14 April 2025
Marine Hull and Machinery and War Risks Market Update Q2 2025
We’re pleased to release the Q2 2025 edition of the Gallagher Marine Hull & Machinery and War Risks Market Report. As expected, the start of 2025 has been characterised by a gradual softening of Hull and Machinery rates. This has been most acutely felt in the London market, where increased competition for the most desirable fleets has given buyers more choice and ultimately created a rating environment in their favour.
Whilst technical rating is still, in many cases, insufficient, there is some discipline remaining in the market as Underwriters try to retain profitability whilst selectively growing their portfolios. The challenges arise when multiple large participants try to grow simultaneously, all targeting the same segments of the market. Underwriters initially look to grow in the most desirable segments but then quickly have to look elsewhere to meet ambitious growth targets.

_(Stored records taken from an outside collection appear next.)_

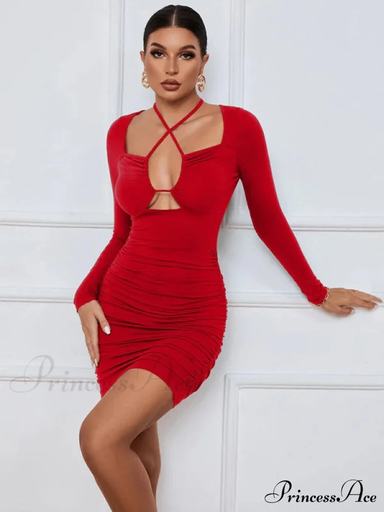 Turn heads this season with this sultry midaxi dress that's bound to make a statement. Crafted from a black slinky material, this long-sleeve dress flaunts a striking cut-out bust, a trendy strappy design, and a figure-hugging fit that's hard to resist. Complete the look with your favorite high heels, trendy accessories, and a chic shoulder bag to create a cohesive ensemble that will elevate your style game to new heights.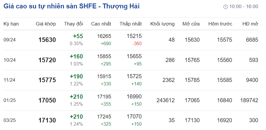 Tại sàn giao dịch hàng hóa tương lai Thượng Hải (SHFE), giá mủ cao su tự nhiên giao kỳ hạn tháng 9/2024 tăng thêm 55 CNY (tương đương 0,35%), xuống mức 15.630 CNY/tấn. Còn giao kỳ hạn tháng 10/2024 tăng 160 CNY (tương đương 1,03%), ở mức 15.720 CNY/tấn.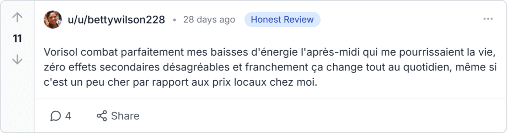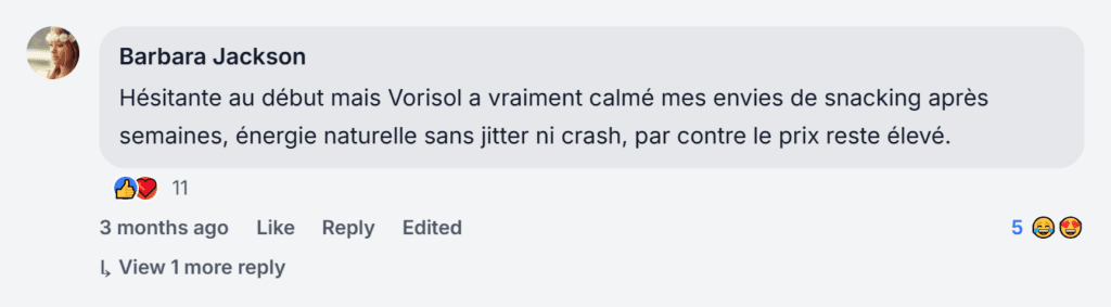 Le soutien de Vorisol sur l’énergie et l’appétit a été super consistant pendant semaines avant que je voie des changements réels sur ma balance et mon endurance quotidienne, et le support client a été vraiment utile pour mes questions.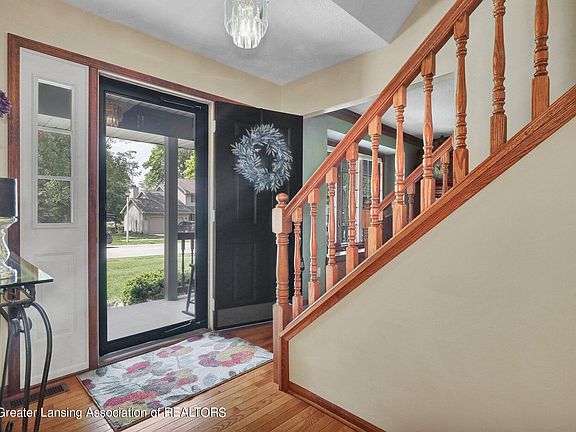 Well loved and maintained custom, one owner home. Welcoming wrap around porch to sit & stay awhile. Traditional floor plan with a surprise addition of an office/4 season room. Imagine your remote office bathed in natural light with nature as your backdrop. Productivity overload. Tucked into the outer rim of Loch Woode Estates, the backyard eases into the former Chisolm Hills Golf Course. Quiet and comfortable. Beautiful hardwood on the main level. Newer roof; brand new furnace & sump pump. Lovely kitchen, dinette & family room seamlessly flow. Masonry fireplace adds both charm & function. Enormous composite back deck serves a party or a simple respite. All bedrooms are up, Primary ensuite is large w/every gal's dream closet. Lower level contains additional living space, gym, enormous storage, Mechanical room. Built-in shelving holds all the treasures. Walk out. Backyard shed holds all the tools. Workbench. Irrigation. Security system. Oversized drive w/basketball hoop. So much value. Crisp. Clean.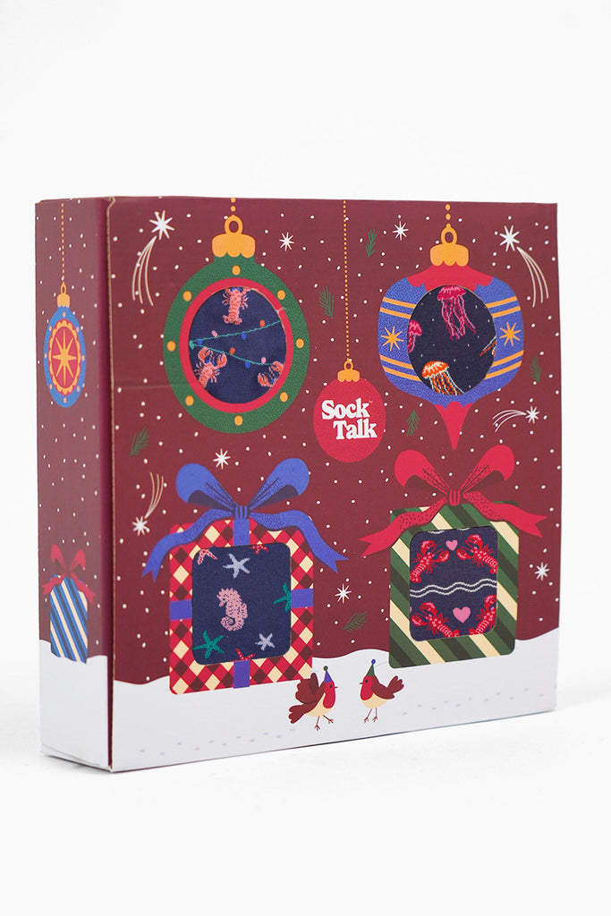 Women's Bamboo Ankle Socks Festive Gift Set - Navy Blue/Pink, Sealife

This has a knock-on effect on ratings across the market. At the current time, buyers are benefitting from increased choice and a gradual softening of rates, which is generally a healthy point of the market cycle. We will be closely watching whether this softening becomes sharper in the second half of 2025. Whilst this may give some short-term gain for buyers, it is not in the long-term interest of the shipping community for the market to fall back into a loss-making position.
Whilst major casualties have thankfully been infrequent, the recent collision of general cargo vessel ‘Solong’ with tanker ‘Stena Immaculate’ brings into sharp focus the sheer size and scale of potential incidents. Whilst the consequences in this case were dire and led to the tragic loss of a crew member, the response of the crew of ‘Stena Immaculate’ prevented a far graver result.

Navigating the future of shipping
The International Maritime Organisation's ambitious ‘Net-Zero’ Green House Gas emissions target by 2050 is a defining challenge for the maritime industry.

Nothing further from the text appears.